REQUIRED WORK — Exactly reproduce the line containing "THÔNG BÁO TUYỂN" together with every line after it, through the end of the entries, and give nothing more.

(Data extracted from a collection)
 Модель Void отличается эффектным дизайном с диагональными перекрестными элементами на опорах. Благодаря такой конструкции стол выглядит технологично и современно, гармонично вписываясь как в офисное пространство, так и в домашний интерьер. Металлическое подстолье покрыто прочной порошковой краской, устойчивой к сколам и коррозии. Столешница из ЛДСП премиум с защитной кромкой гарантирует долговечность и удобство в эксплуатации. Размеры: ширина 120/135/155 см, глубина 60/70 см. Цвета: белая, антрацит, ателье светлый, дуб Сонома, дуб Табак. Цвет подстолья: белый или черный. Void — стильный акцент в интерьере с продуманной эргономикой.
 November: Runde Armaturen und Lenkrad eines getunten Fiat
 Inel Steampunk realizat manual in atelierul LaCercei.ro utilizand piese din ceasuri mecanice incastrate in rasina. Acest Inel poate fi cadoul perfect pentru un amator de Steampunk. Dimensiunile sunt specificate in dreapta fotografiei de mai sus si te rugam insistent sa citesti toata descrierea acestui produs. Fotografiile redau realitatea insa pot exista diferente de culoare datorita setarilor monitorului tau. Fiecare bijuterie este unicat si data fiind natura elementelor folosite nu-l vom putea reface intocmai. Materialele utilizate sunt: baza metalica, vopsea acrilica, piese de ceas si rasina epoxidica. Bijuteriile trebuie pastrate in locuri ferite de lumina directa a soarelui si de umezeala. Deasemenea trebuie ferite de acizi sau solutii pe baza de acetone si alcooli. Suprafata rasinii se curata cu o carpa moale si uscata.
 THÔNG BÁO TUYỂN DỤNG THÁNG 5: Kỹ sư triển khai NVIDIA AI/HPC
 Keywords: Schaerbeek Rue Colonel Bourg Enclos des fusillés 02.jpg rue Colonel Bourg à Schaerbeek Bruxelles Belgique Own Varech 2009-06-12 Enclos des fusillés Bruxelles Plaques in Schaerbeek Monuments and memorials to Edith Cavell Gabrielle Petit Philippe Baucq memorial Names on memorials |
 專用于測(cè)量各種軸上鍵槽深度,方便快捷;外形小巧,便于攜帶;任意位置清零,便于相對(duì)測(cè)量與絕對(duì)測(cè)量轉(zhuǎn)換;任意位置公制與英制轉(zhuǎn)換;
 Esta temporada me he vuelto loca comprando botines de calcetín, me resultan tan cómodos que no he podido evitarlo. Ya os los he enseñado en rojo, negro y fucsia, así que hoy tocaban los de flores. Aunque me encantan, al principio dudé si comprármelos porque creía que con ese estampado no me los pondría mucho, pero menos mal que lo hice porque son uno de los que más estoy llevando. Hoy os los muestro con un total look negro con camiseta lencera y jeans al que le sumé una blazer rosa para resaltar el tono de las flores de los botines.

RESULT FOR THIS EXERCISE —
 THÔNG BÁO TUYỂN DỤNG THÁNG 5: Kỹ sư triển khai NVIDIA AI/HPC
 Keywords: Schaerbeek Rue Colonel Bourg Enclos des fusillés 02.jpg rue Colonel Bourg à Schaerbeek Bruxelles Belgique Own Varech 2009-06-12 Enclos des fusillés Bruxelles Plaques in Schaerbeek Monuments and memorials to Edith Cavell Gabrielle Petit Philippe Baucq memorial Names on memorials |
 專用于測(cè)量各種軸上鍵槽深度,方便快捷;外形小巧,便于攜帶;任意位置清零,便于相對(duì)測(cè)量與絕對(duì)測(cè)量轉(zhuǎn)換;任意位置公制與英制轉(zhuǎn)換;
 Esta temporada me he vuelto loca comprando botines de calcetín, me resultan tan cómodos que no he podido evitarlo. Ya os los he enseñado en rojo, negro y fucsia, así que hoy tocaban los de flores. Aunque me encantan, al principio dudé si comprármelos porque creía que con ese estampado no me los pondría mucho, pero menos mal que lo hice porque son uno de los que más estoy llevando. Hoy os los muestro con un total look negro con camiseta lencera y jeans al que le sumé una blazer rosa para resaltar el tono de las flores de los botines.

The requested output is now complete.